Hilltop could certainly have come into play. Google could be trusting links from certain pages more, such as those on directory pages. However, Google needn't use just the Hilltop algorithm to get some of these benefits and produce some the changes we've seen.
One thing that's been remarked on is that Google may be showing more "informational" pages and that more content from educational or governmental sites is appearing. This could be due to Google configuring its systems to give more weight to links from .edu and .gov sites. It may feel these sources are more impartial.
This is not to say that something like Hilltop isn't happening. In fact, it could very well be -- along with some form of LocalRank and other tweaks. In fact, I think it's reasonable to assume that Google's using a whole mixture of new techniques.
In addition, I think it's reasonable to assume that Google may use certain techniques for certain classes of queries. I don't think they have a predefined list of "commercial" words. However, they may have a system in place to determine the "commercialness" of a query on the fly.
Andrew Goodman correctly recalls InfoSpace doing something like this on Dogpile.

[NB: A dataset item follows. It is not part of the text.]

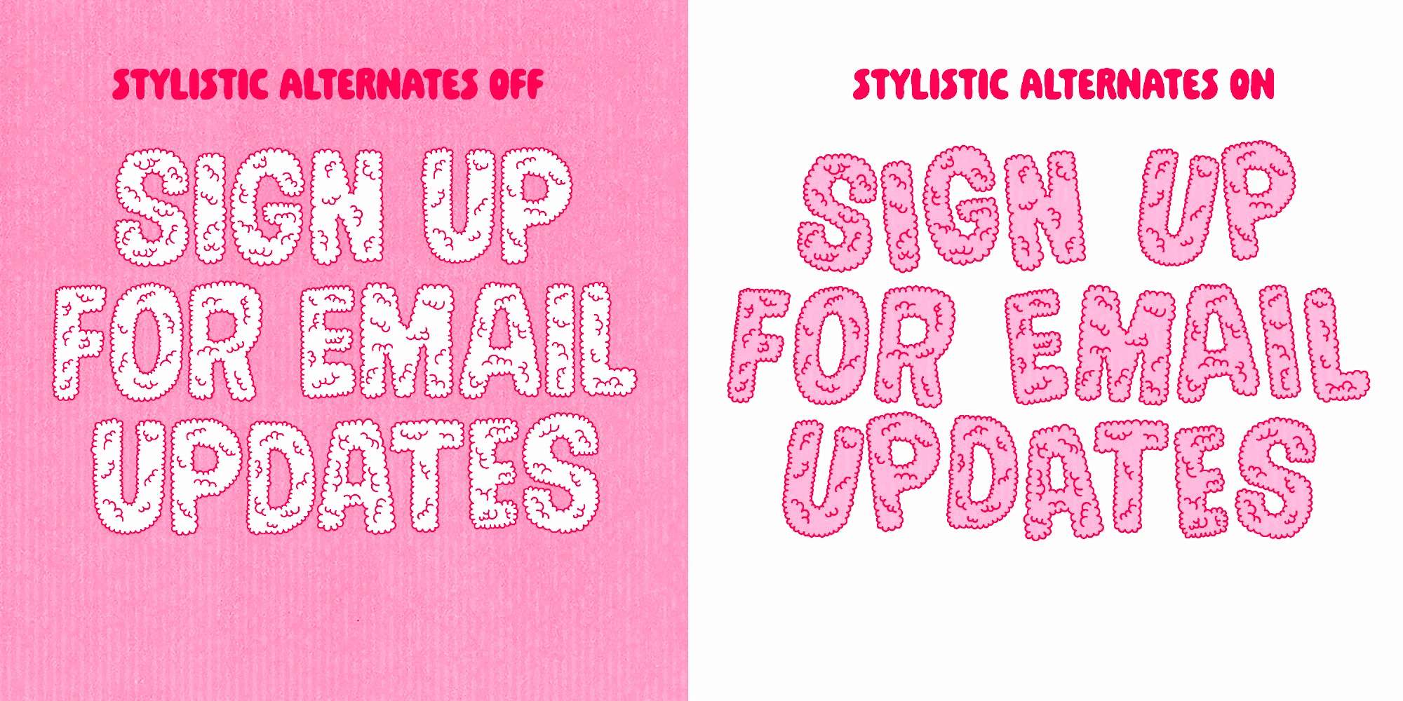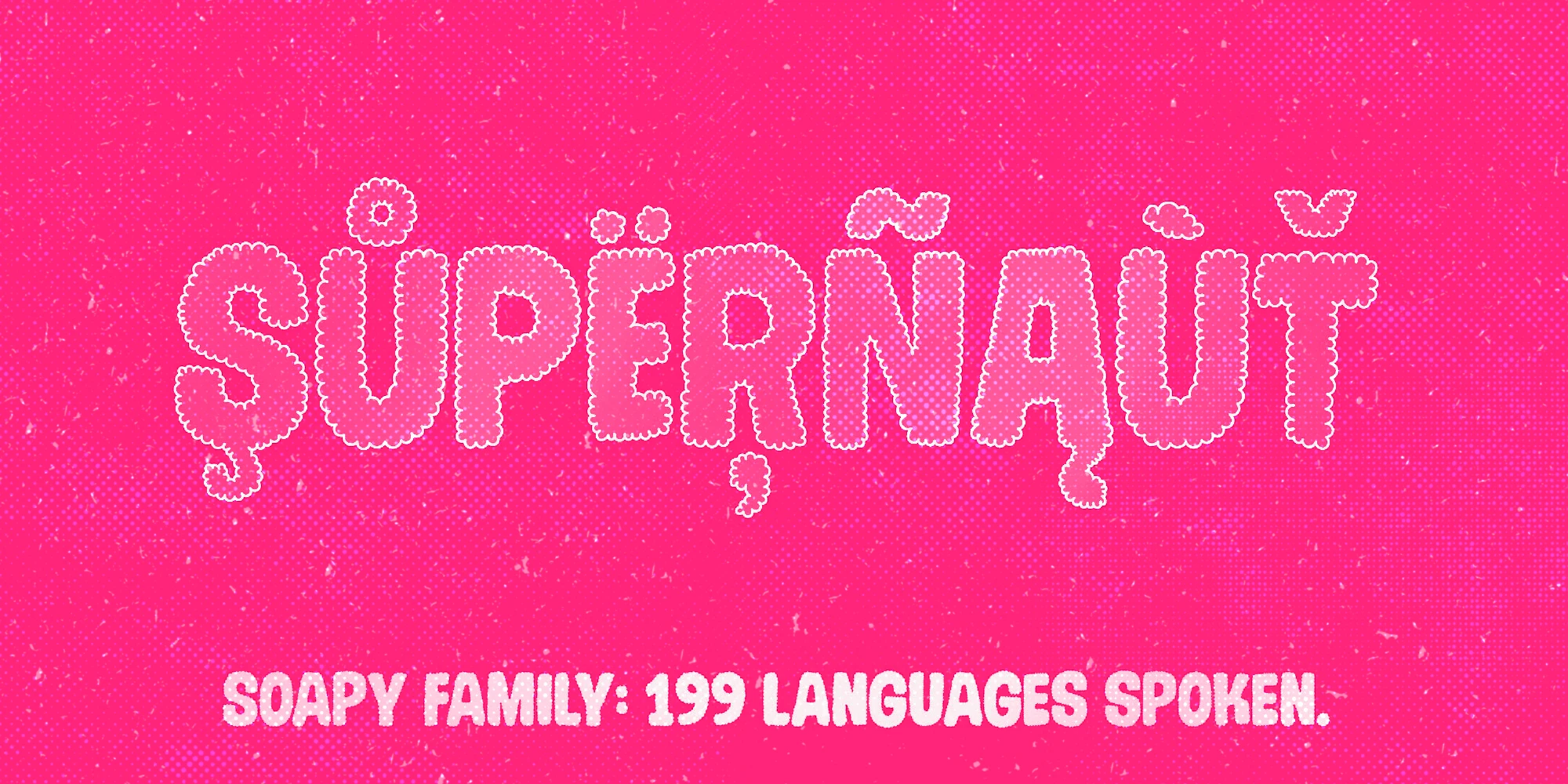 Soapy is a decorative, cartoon-like font family, naturally scented and dermatologically tested. Was it drawn with bubbles? It could also be shrubbery! With a vibrating structure, you can utilize stylistic alternates to further enhance the sensation of an animated, bouncy baseline or use different styles to create a layered look. Great for adding a cheerfully expressive personality to book covers, toy packaging, kids’ apparel, or playful signage. Put a smile in your headline! Get Soapy!

My own recollection was that Dogpile did this in part by looking at how many results were coming back from the paid listing providers it was partnered with. If there were a lot for a particular term, then a query might reasonably be assumed as commercial.
Google could be doing something like this or something more sophisticated. But the point is, should a search be deemed "commercial," Google might try using more aggressive spam filtering or perhaps trusting certain types of links more.
As noted earlier, Google's not saying much about its changes. I spoke with Matt Cutts, a software engineer who oversees webmaster issues for Google, earlier this week. He acknowledged that Google is making use of some new "signals" about the quality and content of web pages and that use of more information is planned.
"Over the next six weeks to two months, we're going to bring in another two or three signals," Cutts said.
What are these mystery signals? Google could make use of data it collects from its Google Toolbar to impact rankings, a favorite theory of WebmasterWorld founder Brett Tabke.
Google has denied that toolbar data is being used for ranking purposes in the past. Now it simply refuses to comment on whether toolbar data is involved at all.
Clickthrough data could be used. But clickthrough data has never been proven long-term as that helpful to improving ranking, since it's prone to spam. There's also no sign that Google has increased the limited clickthrough measurement it does. In the past, the company has measured clickthrough on about one percent of its listings to help with quality assessment. That seems to still be the case, though for the record, Google won't confirm one way or another if clickthrough data is coming into play.
Is Google classifying pages as commercial or non-commercial? Again, no comment. However, Andrew Goodman managed to at least get Google to acknowledge that is may indeed be classifying pages in this way and into other types.
Google will say that the changes introduced some new spam fighting techniques, but it also stressed that most of the changes people are seeing aren't because of spam factors.
"It's definitely not penalties or [spam” filtering but new scoring that takes advantage of these new signals," Cutts said. "It's not that they are in some penalty sandbox, and even if they change things, they'll never be better. Instead, we've got a better view of those sites, and some sites don't measure up as well as they did before."
In other words, it's simply that a new measurement yardstick is being used.
"If a stock picker used a formula for what to pick, then said 'Now I care more about incoming revenue,' then you'd end up with a different portfolio of companies," Cutts explained.